Gemini 3: Google's Unified Multimodal Model

https://deepmind.google/technologies/gemini/

Google DeepMind released Gemini 3, completing the late-2025 wave of major lab announcements. The model handles text, images, audio, and video natively in a single architecture.

Developer documentation has been less extensive than OpenAI's or Anthropic's releases. The strength is ecosystem integration. Teams already using Vertex AI, Cloud Functions, or BigQuery will find a smoother path to production.

For the agent-native space, Gemini 3's significance is market completeness. All three major labs now have models capable of powering sophisticated autonomous agents.

Key Takeaways

  • Google's flagship release, alongside GPT-5 and Claude updates in the same period.
  • Native multimodal architecture. Text, images, audio, and video without separate model calls.
  • Deep integration with Google Cloud infrastructure for production deployments.
  • Competitive benchmark performance with GPT-5 and Claude Opus 4.5.
  • Less developer-focused documentation. Strength lies in Google ecosystem integration.

Claude Agent SDK: Production-Grade Agent Infrastructure

https://www.anthropic.com/news/claude-sonnet-4-5

Anthropic released the Claude Agent SDK alongside Claude Sonnet 4.5. This is the infrastructure that powers Claude Code, now available for everyone.

The SDK formalises a loop: gather context, take action, verify work, repeat. It provides concrete building blocks. Agentic search lets Claude navigate file systems with bash rather than requiring pre-chunked embeddings. Subagents handle parallelisation and isolation. Automatic compaction manages context limits. MCP integration is built in.

This is the first time a major lab has open-sourced their internal agent infrastructure at this level. It works for non-coding agents too. Finance, customer support, research, anywhere you need reliable autonomous execution.

Key Takeaways

  • The exact infrastructure behind Claude Code, tested on complex multi-hour autonomous tasks.
  • Formalises the agent loop with concrete primitives: agentic search, subagents, compaction, MCP.
  • Agentic search uses bash (grep, tail) rather than pre-indexed embeddings.
  • Subagents provide isolated context windows for parallel execution.
  • Claude Sonnet 4.5 achieved 77.2% on SWE-bench Verified.

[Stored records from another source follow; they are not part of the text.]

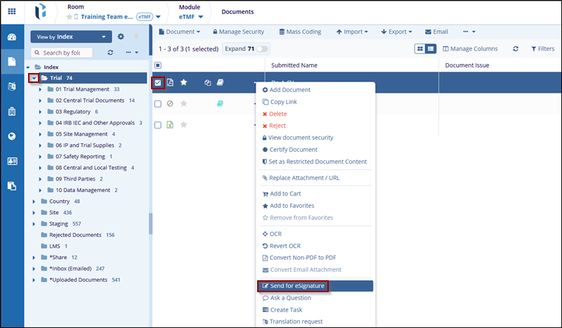 - Select the Send for eSignature option, this will open the Send for eSignature window.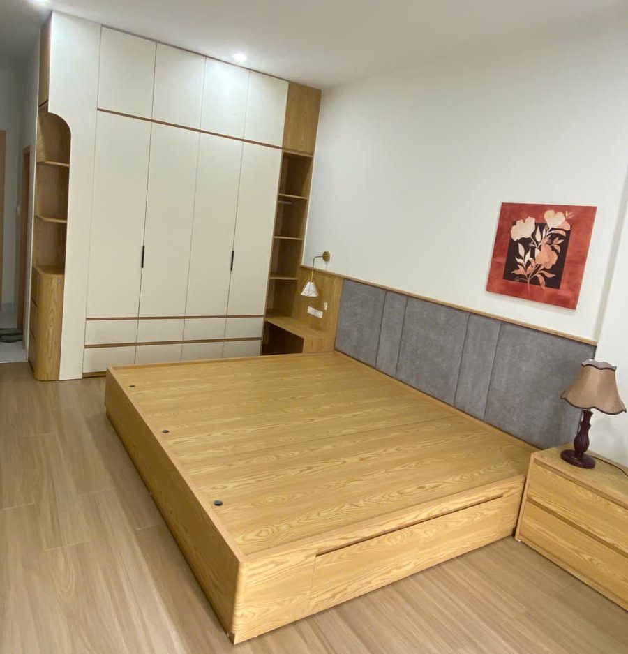 Phòng ngủ tích hợp giường bệt hiện đại kết hợp hộc kéo thông minh – tối ưu không gian, tăng tiện ích sử dụng.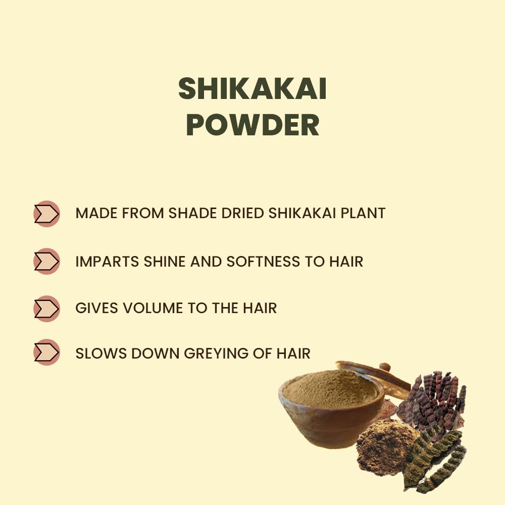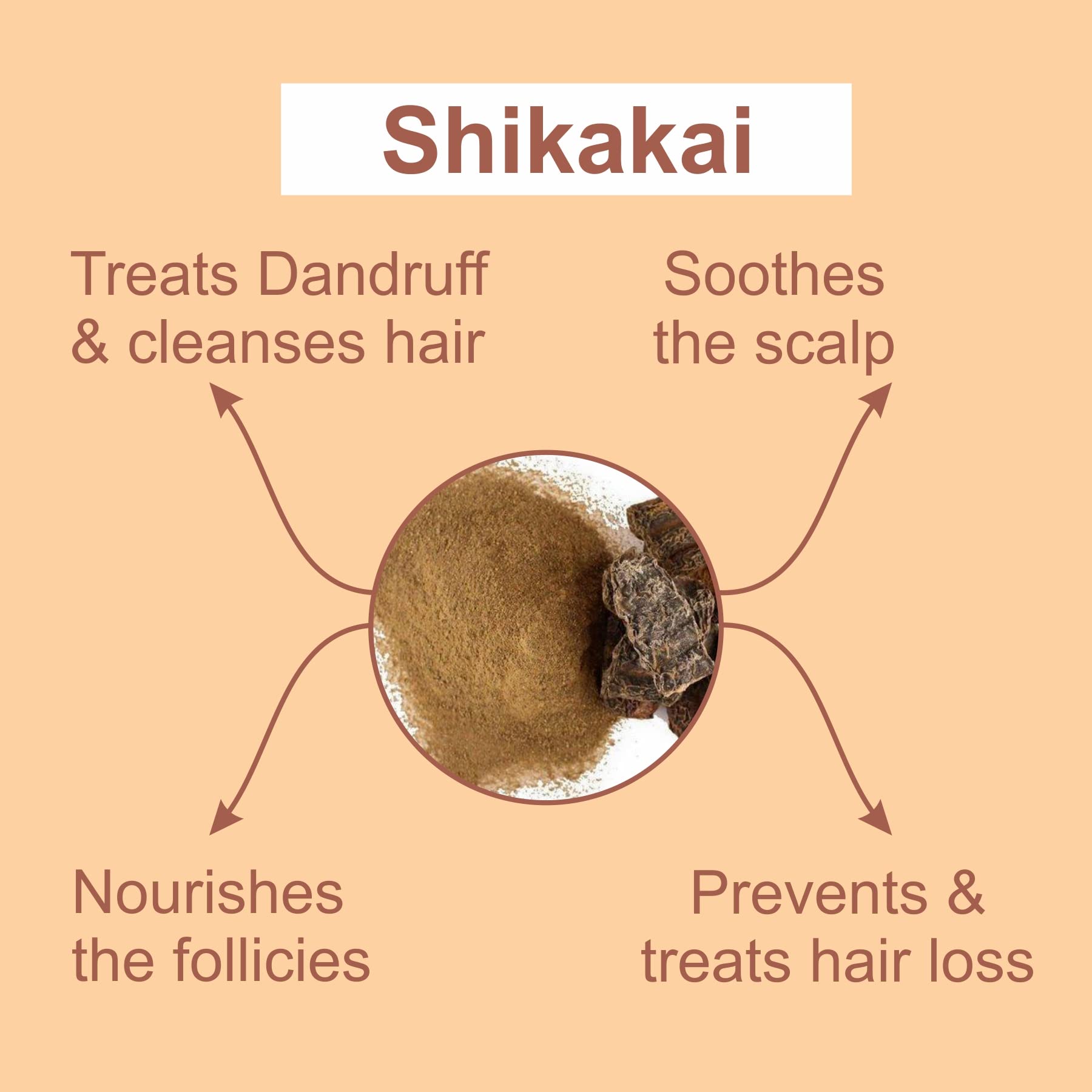 Shikakai is a fruit that acts as a natural mild conditioner with a low ph. It's fantastic at balancing hair from dry to normal scalps. Known for being mild it rejuvenates hair follicles and moisturises the scalp which is excellent for dandruff sufferers.How to use it? For Shiny & Soft Hair: Boil 2-3 tbsp of shikakai powder in 2 cups of water to make a semi-liquid paste. Add some honey. Apply this paste & rinse it off. For Thicker Hair: Make a paste of shikakai powder with yoghurt & apply to your hair & scalp. Keep for 20-30 mins & rinse it off.Grey hair control: Apply a hair pack of shikakai amla powder & soap on your.On Skin: Mix 1-2 tbsp shikakai powder with creamalmond powderhoney & turmeric. Scrub your face using this mixture. Shikakai imparts shine and body to hair Has a balancing effect on irritated scalp and dandruff. Shikakai cases contain normally happening saponins that help clear off the overabundance of sebum and dirt from the scalp. It advances hair development

Cloudflare Code Mode: A Better Way to Use MCP

https://blog.cloudflare.com/code-mode/

Cloudflare discovered that LLMs are significantly better at writing code to call MCP tools than at calling MCP tools directly. This insight led to 'Code Mode' in the Cloudflare Agents SDK.

The reasoning is straightforward. LLMs have trained on millions of real-world TypeScript projects. Tool-calling, by contrast, relies on comparatively small synthetic datasets with contrived examples. When you convert MCP tools to typed TypeScript APIs, you let the model operate in its natural habitat.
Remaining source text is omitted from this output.